Pertama, modal awal membangun industri pariwisata Islami adalah
kebudayaan Islam yang tumbuh dan berkembang di Indonesia dalam hal ini
budaya masyarakat, seperti budaya kegiatan agama di masjid, pernikahan, musik
hingga ikon yang terkenal seperti ondel-ondel, kuda lumping dan lain-lain. Semua
budaya dan adat istiadaat itu berjalan beriringan dengan budaya Islam. Inilah yang
membuat suku-suku di Indonesia memililki budaya yang unik dan majemuk
sebagai hasil percampuran elemen Cina, Arab, Portugis, dan Belanda.
Kedua, pada awalnya kita harus membangun paradigma bahwa dalam
konsep wisata syariah tidak ada perubahan apapun tentang destinasi wisata. Poin
pembedanya disini adalah kenyamanan dalam beribadah, kemudahan
mendapatkan produk pangan halal, serta lingkungan yang syari dan bebas
maksiat baik dari pelayanan, fasilitas penunjang, lingkungan hotel, spa hingga
restoran. Dalam hal ini Kemenkraf bekerja sama dengan MUI (Majelis Ulama
Indonesia) telah menetapkan standarisasi hotel, spa dan restoran yang berbasis
syariah. Jadi apapun destinasi wisatanya, 2 faktor diatas adalah syarat mutlak
sebuah wisata dapat disebut sesuai syariah.
Berikut perbedaan antara hotel konvensional dengan hotel syariah :
1. Dalam hotel syarah, tidak memproduksi, memperdagangkan, menyediakan,
atau menyewakan produk atau jasa yang secara keseluruhan maupun
sebagiannya yang dilarang dalam ketentuan syarah. Seperti, dalam hal
penyediaan makanan mengandung unsur babi, minuman khamar, adanya
perjudian, praktek perzinaan, dan sebagainya yang mengandung unsur najis
dan diharamkan oleh syariat.
2. Dalam hotel syarah, tidak mengandung adanya unsur kedhaliman,
membahayakan, kemungkaran, kemaksiatan maupun kesesatan yang terlarang
dalam kaidah Syarah, baik secara langsung maupun tidak langsung.
3. Dalam hotel syarah, tidak ada pula unsur penipuan, kecurangan,
kebohongan, ketidak-jelasan (gharar), resiko yang berlebihan dan
membahayakan.
4. Dalam hotel syarah, sebuah transaksi harus dilakukan berdasarkan jasa atau
produk yang nyata, benar-benar ada. Tidak ada sesuatu yang bersifat
meragukan yang dapat merusak keabsahan transaksi.

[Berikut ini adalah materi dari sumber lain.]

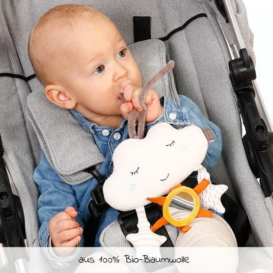Das Mobile lässt sich mit wenigen Handgriffen direkt am Bettchen befestigen oder auch an der Babyschale im Auto. Die kuschelweiche Bio-Baumwollqualität lädt zum Greifen, Fühlen und Schmusen ein und unterstützt die Motorik Deines Schatzes. Möchtest Du die süße Wolke waschen, kannst Du sie einfach per Hand oder schonend mit Handwäsche in der Maschine wieder zum strahlen bringen. In farblich dezentem Design mit liebevollen Details eignet sich das Mobile ideal als Geschenkidee zur Taufe, zur Geburt oder zum Geburtstag.
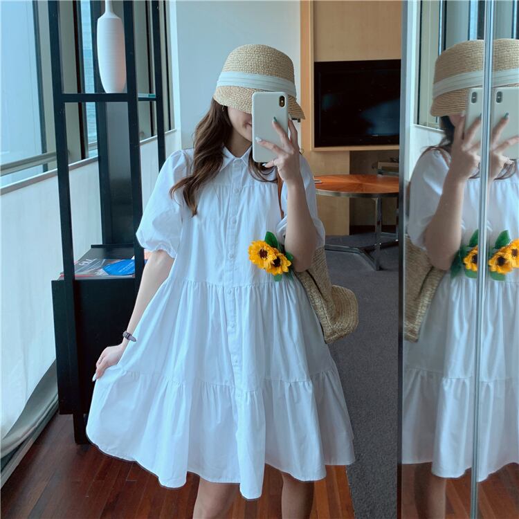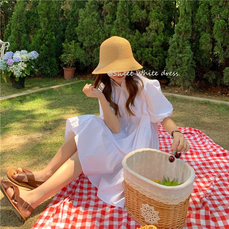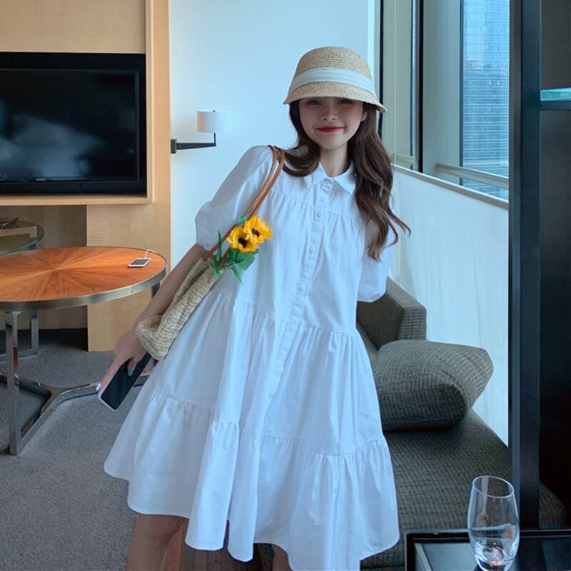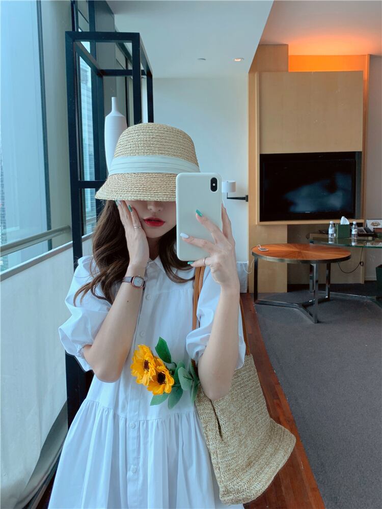 サマーウェストカラーホワイトドレス スカート 夏物 ピュア misskkl44390894633
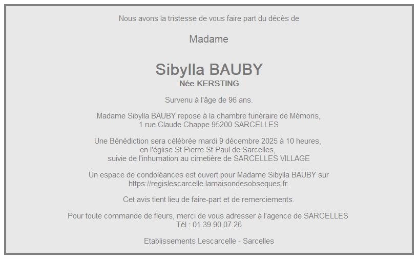 Cet espace « condoléances » est dédié à la mémoire de Madame Sibylla BAUBY née KERSTING.
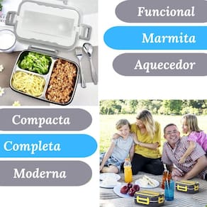 Trava nas laterais para que a tampa fique bem fixa e fechada, Repartições para separação de alimentos, Suporte talher, Material: plástico pp de grau alimentício e aço inoxidável 304, Dimensões: 22cm x 17cm x 11cmLâmpada piloto
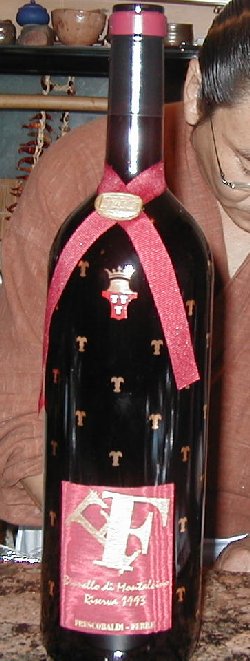 1993 赤 1500ml (通常の倍の量) 世界で2万本限定、日本には1千本割り当てがあって、その2本を キノシタさんがゲット! フレスコバルディ社のワインは私にとって馴染みが深く、イタリアワインを 知る切っ掛けを作ってくれた銘柄です。 神戸にあるワイン輸入業者フードライナーで教えてもらったのが最初で、 ペンション・リミニにもお勧めして、ここのワインを置かしてもらってます。 ところが、今年4月から輸入業者がメルシャンに変わってしまいました。 サンジョベーゼ種の赤ワインの特徴は、抜栓直後の強い酸味と、半時間置いた後 の程よい渋味、その味の変化が印象的なことで、 食事の最初、前菜にはまだ渋味の少ない味が合い、半時間ほど経って、メインの 肉料理に差し掛かる頃には、重厚な渋味が出てくる。 これがディナーにマッチするので、私の一番の好みな訳です。 このダブルサイズのワインを入れた箱があり、黒塗りの重厚な木箱なのですが、 試飲会恒例の抽選会があり、当たった客にプレゼントされました。 残念ながら人の手に渡ってしまいました。(自分のワインみたいな言い方ですな) |

2.3. Kriteria Hotel Syariah dan Pariwisata Syariah


Menurut Kementrian Pariwisata dan Ekonomi Kreatif dan BPH DSN
MUI, Pariwisata Syariah memiliki kriteria sebagai berikut:
Berorientasi pada kemashlahatan umum,
Berorientasi pada pencerahan, penyegaran dan ketenangan,
Menghindari kemusyrikan dan khurofat,
Menghindari maksiat, seperti zina, pornografi, pornoaksi, minuman keras,
narkoba dan judi,
Menjaga prilaku, etika dan nilai luhur kemanusiaan seperti tidak bersikap
hedonis dan asusila
Menjaga amanah, keamanan dan kenyamanan
Bersifat universal dan inklusif
Menjaga kelestarian lingkungan
Menghormati nilai-nilai sosial budaya dan kearifan
Bila kriteria diatas di internalisasikan dalam usaha penyedia makanan dan
minuman maka seluruh restoran, kafe, dan jasa boga di obyek wisata syariah
harus terjamin kehalalan makanan yang disajikannya, sejak dari bahan baku
hingga proses penyediaan bahan baku dna proses memasknya. Salah satu upaya
pemerintah adalah dengan melakukan sertifikat halal dari LP POM MUI. Namun
untuk standar dasarnya dapat dilihat dari 3 kriteria dibawah:

1. Terjamin kehalalan makanan dan minuman dengan sertifikat halal MUI.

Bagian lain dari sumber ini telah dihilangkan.